In my thermodynamics lecture we deduced the Maxwell-Boltzmann distribution, $$ f_{MB}(\vec{p}) = n\left(\frac{1}{2\pi m k_bT} \right)^\frac{3}{2}\exp \left[-\frac{(\vec{p} -\vec{p}_0)^2}{2 m k_b T}\right]. $$ Where $d^3p\, f_{MB}(\vec{p})$, if I understand correctly, gives the particle density of the particles with a momentum close to $\vec{p}$.

Now, to get the most probable speed in the system $\bar v$ we must, according to my professor, compute the velocity associated with the most probable momentum $\bar p$, which is itself given by: $$ \frac{\partial}{\partial p} [4 \pi p^2 f_{MB}(p)]|_{\bar p} = 0 $$ Why do we add the factor $4 \pi p^2$? Why is the most probable velocity not simply given by $\frac{\partial}{\partial p} [f_{MB}(p)]|_{\bar p} = 0 $ (which corresponds to the momentum with the highest associated particle density)?

Answer 1

There's an important abuse of notation happening in your question. Initially, $f_{MB}$ is the probability density associated to the momentum $\vec p$ - which means that the probability of the momentum being in some small volume $\mathrm d^3p$ centered at $\vec p$ is given by $f_{MB}(\vec p) \mathrm d^3p$.

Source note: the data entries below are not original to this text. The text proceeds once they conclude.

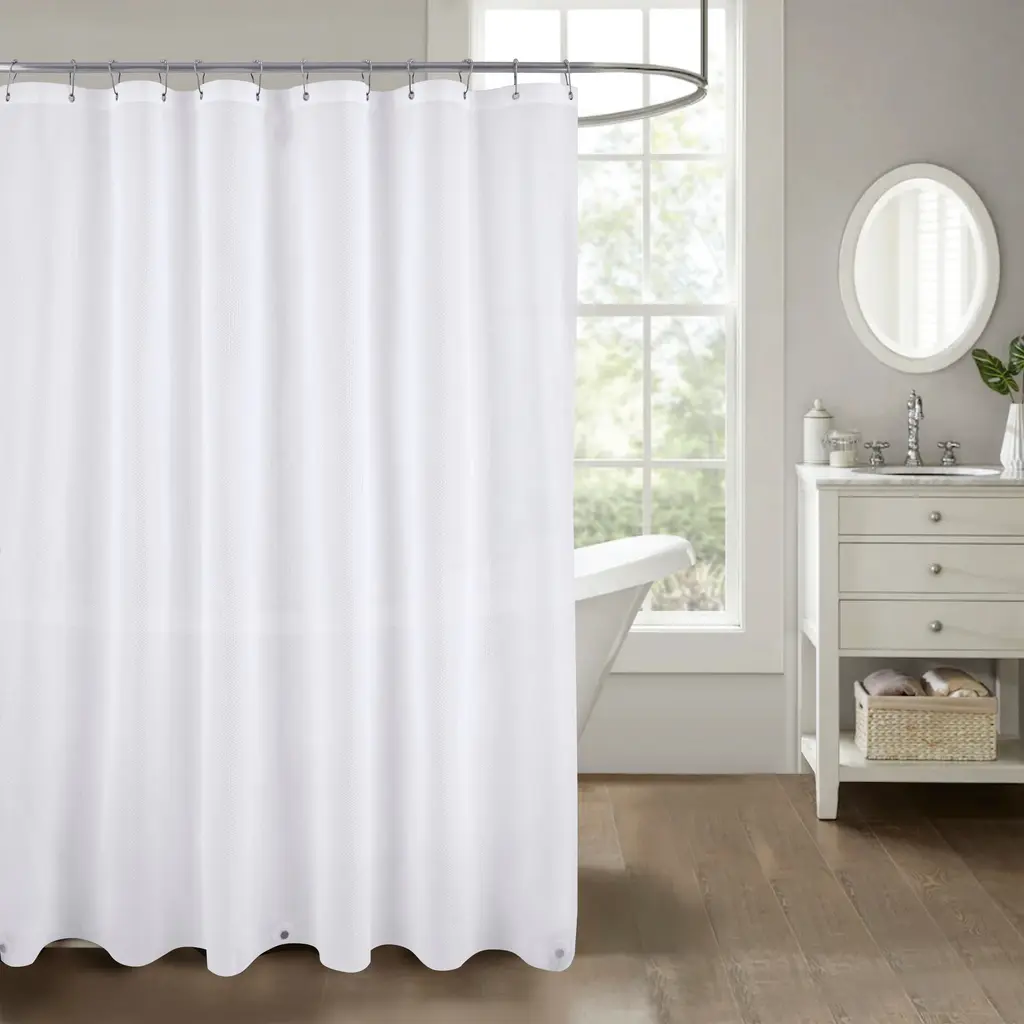 Textured Striped Modern Mid-Century Bathroom Decor, 72x72", Ivory
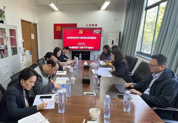 4月18日上午,法學(xué)院在博聞樓204會(huì)議室召開(kāi)學(xué)院黨委中心組擴(kuò)大會(huì)議,動(dòng)員部署學(xué)院黨紀(jì)學(xué)習(xí)教育工作。學(xué)院黨委認(rèn)真貫徹學(xué)習(xí)習(xí)近平總書(shū)記關(guān)于開(kāi)展黨紀(jì)學(xué)習(xí)教育的重要講話精神。學(xué)院黨政班子成員、黨支部書(shū)記、系主任代表、黨員代表參加本次會(huì)議。
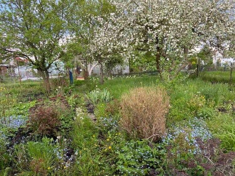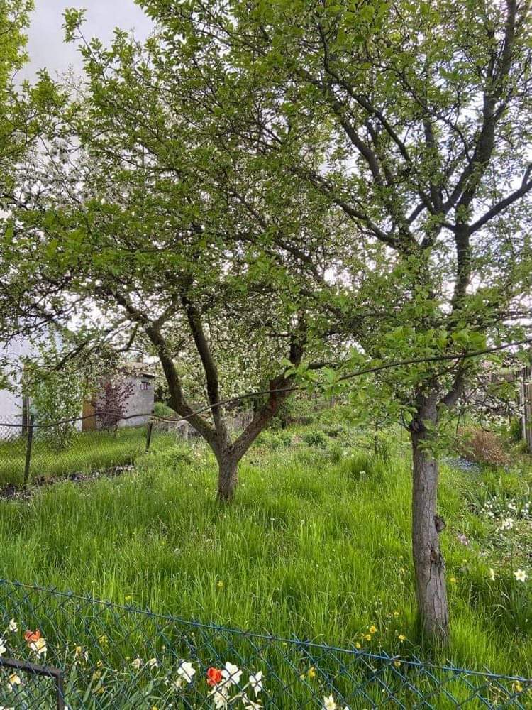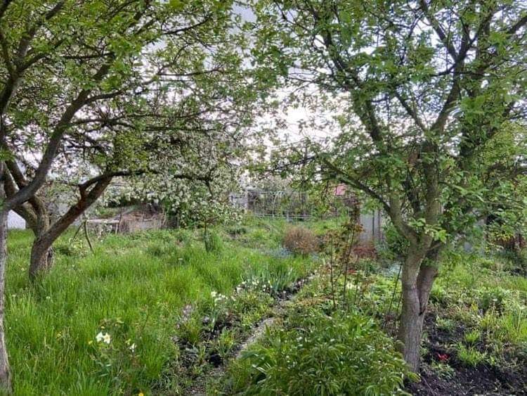 • Działka ogrodzona, zadbana, z licznymi nasadzeniami – m.in. jabłonie, grusza i inne rośliny ozdobne i użytkowe.

On the other hand, you might be interested in $\mathcal F_{MB}(p)$, which is the probability density associated to the magnitude of the momentum. This means that the probability that the magnitude of the momentum is in some small interval $\mathrm dp$ centered at $p$ is given by $\mathcal F_{MB}(p) \mathrm dp$. It is this function whose maximum occurs at the most probable value for the magnitude of the momentum.

Your confusion lies in the fact that you use the same notation for both functions. In fact, the probability that the magnitude of the momentum lies between $p$ and $p+\mathrm dp$ is the same as the probability that the (vector-valued) momentum itself lies in the spherical shell whose inner and outer radii are $p$ and $p+\mathrm dp$. That is,

$$\mathcal F_{MB}(p) \mathrm dp= \int \mathrm d\Omega \ f_{MB}(p,\theta,\phi) p^2 \mathrm dp$$

Since $f_{MB}$ doesn't depend on $\theta$ or $\phi$, the integral simply yields a factor of $4\pi$ and your result follows from there.

Answer 2

The equation you have written is the distribution of the momentum vector. Clearly, the most probable vector is $\vec{p}_0$, and if the system is stationary, i.e., $\vec{p}_0=$, then the most probable momentum is zero: a momentum vector has equal probability to point in any direction, and on average it points to nowhere. The most probable vector is not much of interest, as you can see.

Suppose, however, that we want the most probable magnitude of the vector independently of where it points. A momentum vector of fixed magnitude $p$ draws a sphere of radius $p$ whose surface, $4\pi p^2$, is proportional to the number of particles with that momentum. That's where this factor comes from.